Once the researchers modeled

Once the researchers modeled the protein interaction, they could better study how the aS-Abeta hybrid complex aggregates on neural cells and produces the pores that cause cell death. Kosmetik Online

ahappydeal

In the FAQ category: unlock android phonethat is locked after too many pattern attempts. I've seen the question so many times in the Google Mobile Help Forum ...

grid

Have you ever considered about including a little bit more than just your pieces? I mean, what you say is important and all. However think of if you added some awesome visuals or video clips to give your posts more, pop! Your content is excellent but with images and videos, this site could undeniably be one of the very best in its niche. Fantastic website!

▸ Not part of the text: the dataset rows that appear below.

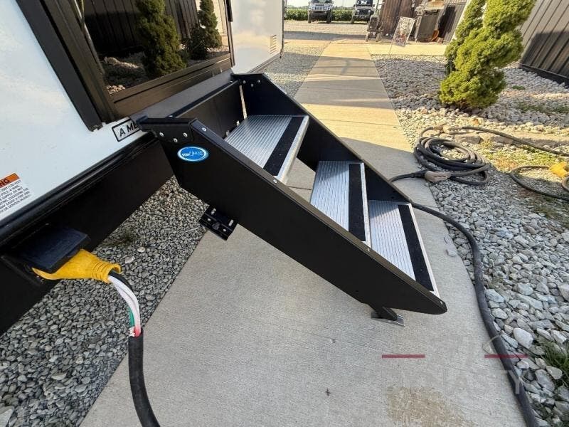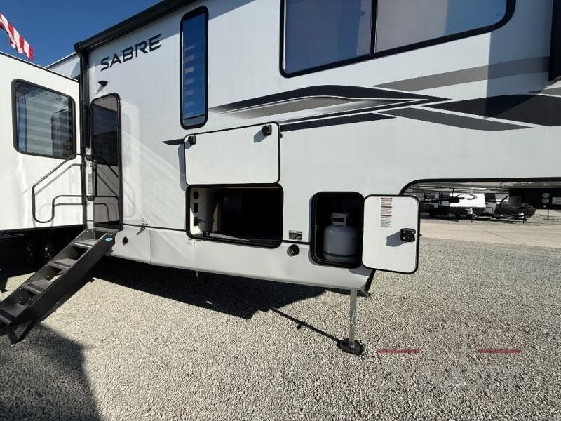You will experience luxurious camping trips at an affordable price with any one of these Forest River Sabre fifth wheels! These models are durable and ready to travel anytime of the year thanks to features like the high-gloss gel-coat front cap with LED lighting, the PVC roof membrane, and the forced air underbelly with enclosed gate valves. The electric auto-leveling system makes setting up easy and safe, and the adjustable power awning with LED lighting will create an inviting outdoor living space. Each model includes a universal docking station which includes a black tank flush and an outside shower, and adjustable stable steps for you to enter and exit the unit safely. Inside, you will love the design of the ambient accent lighting in the living area, the real wood lumbercore cabinetry, and the linoleum flooring!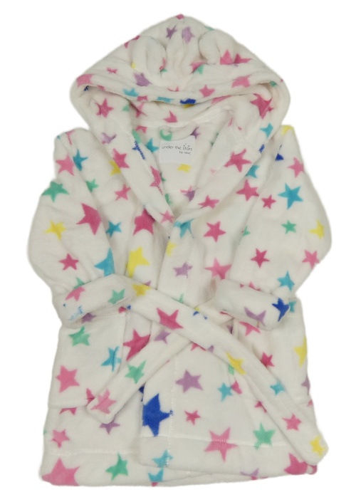 Biely plyšový župan s farebnými hviezdičkami a kapucňou s uškami Next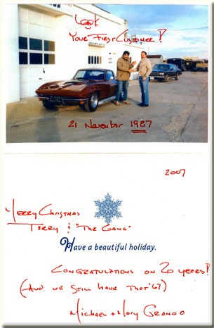 Dear Chad, Lora and I would like to thank you for the tour of your facility and taking time to answer any questions.This was our first visit to your facility and we did not have an appointment. The selection available at proteam is incredible and is helpful when thinking of a model and color. Again, thank you for taking the time on that saturday and we look forward to visiting you soon. "Hi Christine, You sure can. You organized to ship my car here in 1996. It was absolutely no-hassle, problem-free. Truck to the port, then RO-RO. It wasn’t even expensive! Anyway, I appreciate the regular updates from you guys – you’re all a class act! " "Terry, We have never met but I have been a frequent visitor on your website for quite some time and have tried to learn as much about corvettes, especially mid-years as I can. Thanks to you sharing your knowledge with people like myself who appreciate these cars. You have made your hobby your business and I know there is alot of jealousy toward anybody that can do this. With buying and selling corvettes for so many years your knowledge is far and above other corvette enthusiasts. I have never visited Pro Team but hope maybe someday to do so. Thanks again for sharing your knowledge and experiences and hats off to you Terry, you did it your way." "The process was done over the phone. It was very professional from the time the phone was answered, the sale, the delivery, the title, and goodies... and now this. If I was to purchase another Corvette, because of this experience, I would shop ProTeam. It's a matter of trust. ProTeam has a great reputation and knows 'Vette's better than most. Also, the return policy takes the worry out of not liking the car. The process was very fair. Thanks." "Dear Terry, as I sit at my desk in my business of 24 years, I am amazed at your unbelievable collection of Corvettes. I also laugh when someone is trying to outbid you at the auctions. If you want the car, you get it. My old picture of my 1969 350-350hp Riverside Gold Convertible with 22,000 miles on it when I sold it sits beside me at my desk. I miss my car. Going through your catalog, I calculated you are saving customers $2,696,000.00 with your sale prices from 1953 to 1967. Way to go. I commend your effort to make the cars for sale at better prices. Of course, we older guys with too many bills still can't do it. When I hit the lottery, I promise you I will be out to get a 1967 and that Grey LT1 you have (139Z)... for some reason, that piece really moves me. Keep up the great service you do and most of all, stay healthy. That's what life is all about." "Hello Terry, I received the '62 Fuelie I bought from you, this past weekend. I am very pleased with the car. Your salesman was very professional and was honest in his description. It was a pleasure working with him. I buy/sell many cars as I am always changing up my personal collection, but this is the first experience with ProTeam. I hope we can continue to do business together in the future. Best Regards," "Terry, I wanted to let you know how much I appreciate your graciousness in taking the time to talk to me and impart your knowledge and insight to me. I really enjoyed meeting you and Fred. It was an enjoyable experience. Thanks." "I thought your presentation (Al Grenning at ProTeam Corvette November 2008) was one of your best ever. The new material presented (especially the M22/L88 stuff) was not only entertaining, but represents some of the most important research in the field of classic Corvettes in many years. Its apparent that a great deal of analytical detective work was required to locate and make logical sense out the maze of GM paperwork from this period. Its quite a story--worthy of a book in its own right. I was also highly impressed by the people (Bill, Kevin et al) who spent their own money to bring some very significant cars to the event. This dovetailed nicely with your presentation, and everyone seemed to enjoy looking at these cars and hearing their stories. The seminar raised almost $1,000.00 which will all go to charity. At this point it looks like the money will go to either the Columbus Children's Hospital or breast cancer research. The Heart of Ohio Chapter is thrilled to have been able to play a small part in the success of this event." "We were impressed with your "ONLY IN AMERICA" paragraph [ProTeam eZine 11-5-2008]. This mailing has the sole purpose of promoting your business and SELLING but you took the time to reflect on what a great country we have. Thank you for the nice comments we so desperately need at this time of economical and political turmoil. Our new President Elect cannot cure the eight year decline in our economy overnight but attitudes like yours' in showing your patriotism and support is a step in the right direction. More business people should do the same. We were also glad to read your comments on Barrett-Jackson. We could only attend the Friday auction and felt the prices were somewhat down. It's nice to hear that things improved on Saturday. One observation we made was that in comparison with Kruse (Auburn Auction) the Auctioneer had a special way of getting the bidders back in after a lull in bidding. We were much more impressed with their teamwork on the auction block. They were there to sell cars and not to chit chat with small talk during bidding as we have noticed in Auburn. Thanks again for your written support in the direction the U.S.A. is taking." "Dear Fred, Thank you for taking the extra time with me on Saturday to go in, around, and under my "new" car. I especially appreciate your patience in answering all of my questions about care and maintenance. The first weekend involved many joy rides and a smile so big my face still hurts, Your group at Pro Team Corvette is top notch, and it shows. The car looks awesome, sounds great, and drives wonderfully!! My Mom was a bit teary eyed seeing the car returned to her original glory and knowing Dad was smiling do
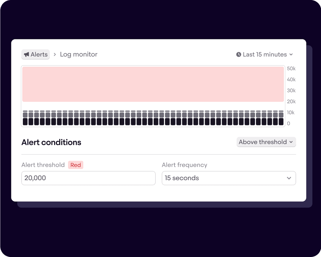 Create log alerts by setting log patterns and thresholds for real-time logs.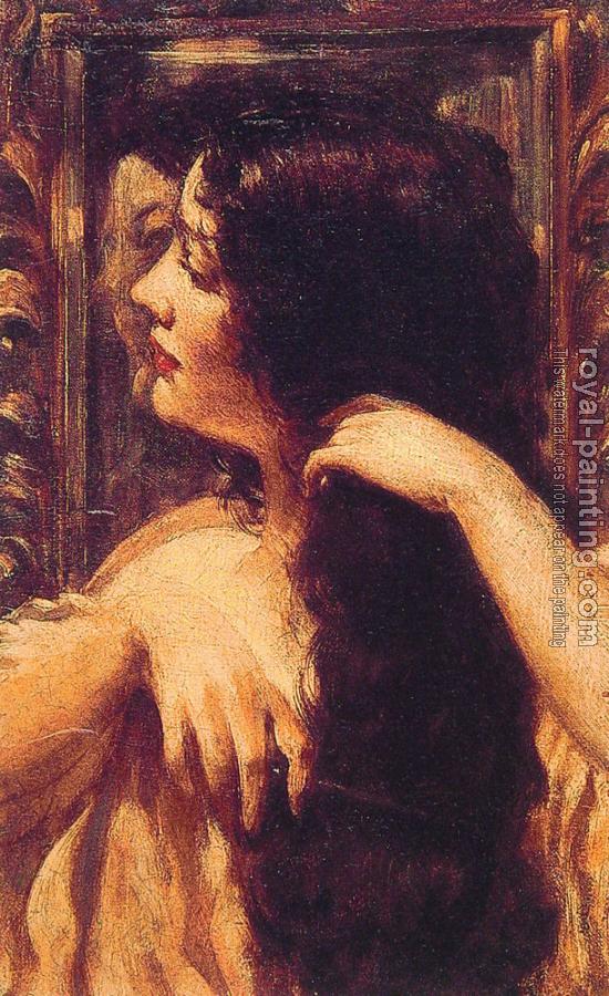 * Hand-painted James Carroll Beckwith Oil Painting Reproduction : Brunette Combing Her Hair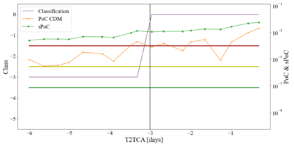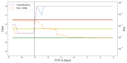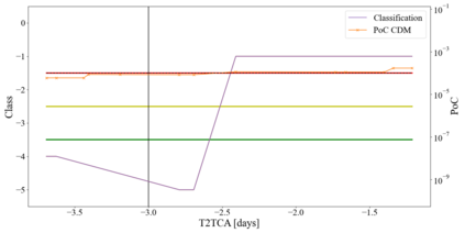 The paper presents an approach to the modelling of epistemic uncertainty in Conjunction Data Messages (CDM) and the classification of conjunction events according to the confidence in the probability of collision. The approach proposed in this paper is based on the Dempster-Shafer Theory (DSt) of evidence and starts from the assumption that the observed CDMs are drawn from a family of unknown distributions. The Dvoretzky-Kiefer-Wolfowitz (DKW) inequality is used to construct robust bounds on such a family of unknown distributions starting from a time series of CDMs. A DSt structure is then derived from the probability boxes constructed with DKW inequality. The DSt structure encapsulates the uncertainty in the CDMs at every point along the time series and allows the computation of the belief and plausibility in the realisation of a given probability of collision. The methodology proposed in this paper is tested on a number of real events and compared against existing practices in the European and French Space Agencies. We will show that the classification system proposed in this paper is more conservative than the approach taken by the European Space Agency but provides an added quantification of uncertainty in the probability of collision.

Thanks for such a nice and

Thanks for such a nice and updated information. I got some interesting tips from this post.
ads dating.

Thanks for the nice blog. It

Thanks for the nice blog. It was very useful for me. Keep sharing such ideas in the future as well. This was actually what I was looking for, and I am glad to came here! Thanks for sharing the such information with us.
donna cerca uomo milano

Groups that need to manage

Groups that need to manage distributed data, stored across multiple locations and multiple types of storage devices, can use data grids to impose a common access method, kultura i sztuka common naming, common authentication, and common management policies. They can use the data grid to integrate archives with disk caches used for data access, automate enforcement of management policies and administrative functions, build a collaboration environment, and publish data in a digital library.

The original funding for the development of data grids came from the US Defense Advanced Research Projects Agency. An initial application was the creation of a distributed patent digital marketing library for the US Patent and Trade Office. Within the US National Science Foundation’s Partnerships for Advanced Computational Infrastructure (PACI) program, which was launched in March 1997, data grids were built internet i komputery for major national scale research projects in seismology, neuroinformatics, digital library initiatives, astronomy, environmental science, and oceanography.

Post new comment

By submitting this form, you accept the Mollom privacy policy.